This layer is the third layer of the OSI model, and it is the lowest layer that manages end to end transmission and provides services to the transport layer. The network layer’s primary role is to route the messages associated with the higher protocol layer above it and across the network (the network which links the distributed DTEs systems).
The Network Layer can operate both in a connectionless-mode as well as in a connectionoriented mode. In LANs, the frame is addressed and routed between nodes attached to the same LAN using their point of attachment address.
The network layer is also known as the inactive layer or Null layer because of its lack of functionality in local area networks. If the network comprises several interconnected networks instead of a single LAN, then the network layer protocol is more complicated. It is entirely a software layer.
The goal of network layer to support logical services to several users linked to multiple networks. Hence, the services supported should be autonomous of the basic technology. In this way, the client’s use of the service requires inconvenience with the network’s physical execution to send their messages.
The main functions implemented by the network layer are as follows −
Routing − When a packet influences the router's input connection, the router will transfer the packets to the router's output connection.
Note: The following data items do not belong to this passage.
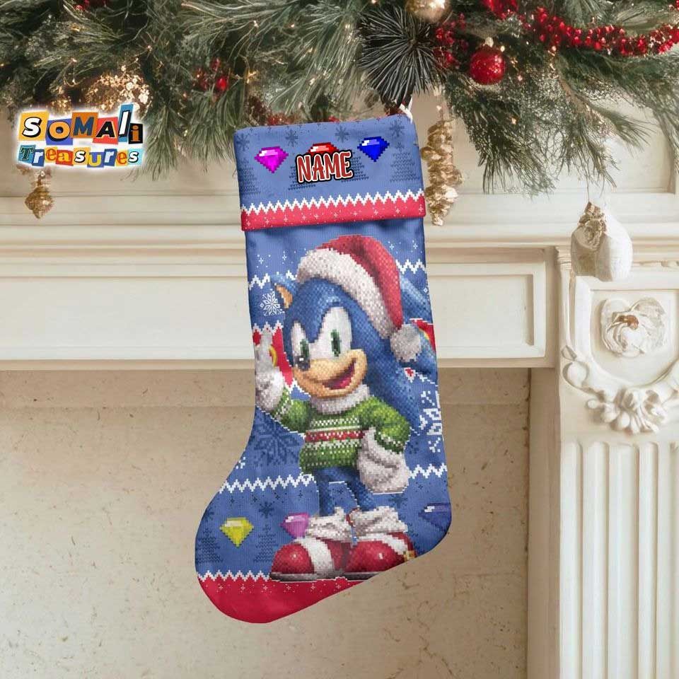You're searching for a one-of-a-kind product Custom Sonic Ugly Pattern Christmas Stocking, Holiday Decor for Family Fireplace, Cozy Accessories Gift For belong theme Christmas Stockings at Printblur
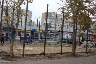 Вчера же, неожиданно для жильцов дома № 48 началось строительство. Правда, вместо семи ларьков, там строят один большой павильон. Что там будет, не известно, но граждане не довольны. Говорят, нарушения норм безопасности налицо. Документов, разрешающих строительство, никто не показывает. Полицию вызывали уже два раза, правоохранители на вызовы приезжали, опрашивали строителей, жильцов и уезжали. Собственно, давать оценку законности строительства не в их компетенции.
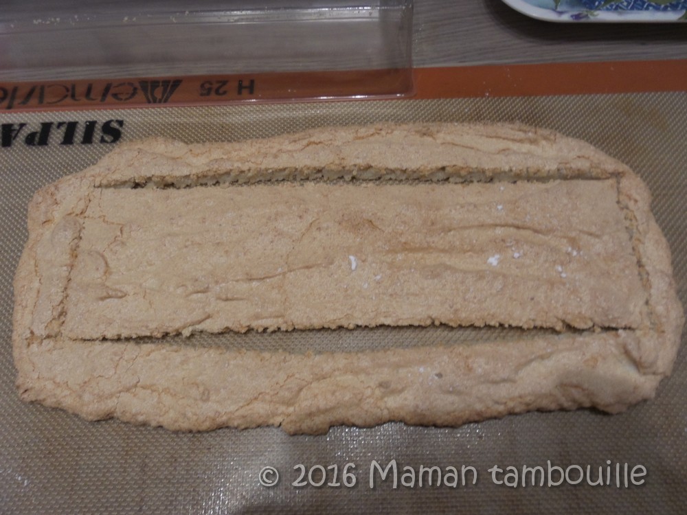 Poser le moule à bûche à l’envers et couper la dacquoise à la taille du moule.
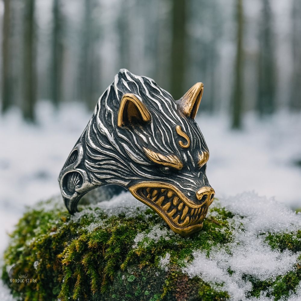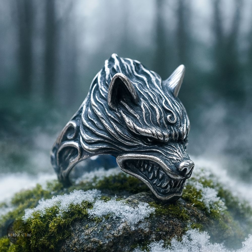 Imaginez... Une nuit sans lune, le vent hurle entre les sapins gelés. Au cœur de la forêt, une ombre gigantesque se dresse : Fenrir, le loup maudit, fils de Loki, celui dont les crocs déchirèrent les chaînes des dieux. Sa rage forgea des tempêtes et son nom, la peur même du Ragnarök. Dans cette chevalière bat encore son cœur indompté. Gravée dans l’acier et nourrie de mythes, la chevalière viking Fenrir Fléau des Dieux n’est pas un bijou — c’est la morsure du destin, le cri de la liberté gravé dans le métal.
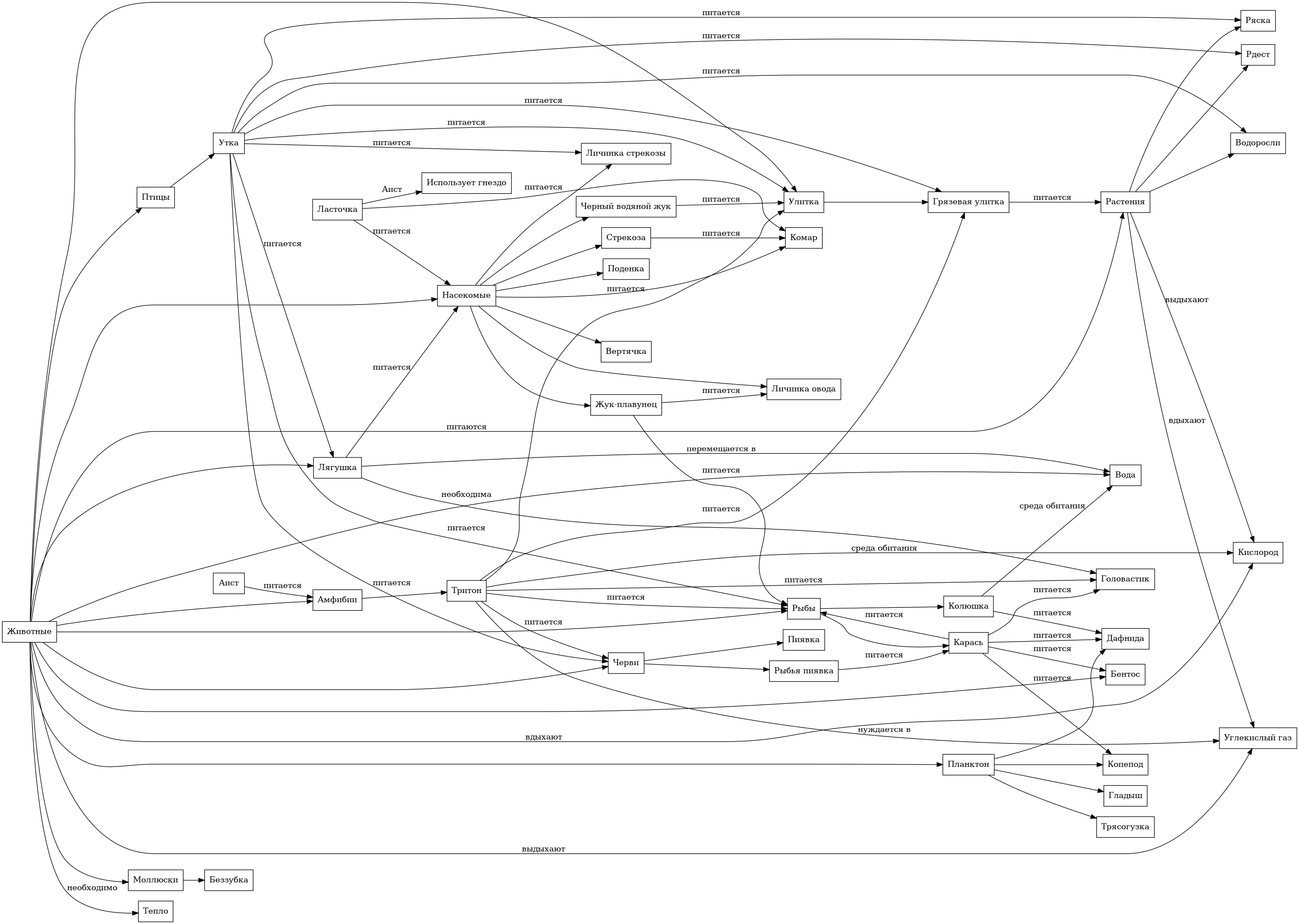 "Утка" -> "Водоросли" [label="питается"] | |||

For instance, should forward a packet from S1 to R1 to the next router, S2.
Logical Addressing − The data link layer executes the physical addressing, and the network layer performs logical addressing. It can use it to determine between source and destination system.
Internetworking − This is the network layer’s central role that provides a logical connection between different networks types.
Fragmentation − Fragmentation breaks the packets into the minimal single data units that traverse through multiple networks.
Security services − The network layer offers security by utilizing a session element between the source and destination host. The network layer in the source host encodes the payloads of datagrams being transmitted to the destination host. In this layer, the destination host would then decode the payload.
Network Connection − When the Network layer receives a call request from the transport layer, it establishes a network connection across the subnetwork. For this, it makes use of data link connections. The end system’s network layer interacts with the network layer of the subnetwork access point for this purpose.
Error Detection − The network layer uses error detection functions to ensure that the quality of service provided over the network connection is maintained. Most of the errors are detected and corrected at the data link layer. The residual errors, Network Layer, notifies any. It relies on the quality of service provided, and the network layer incorporates the mechanism for error recovery.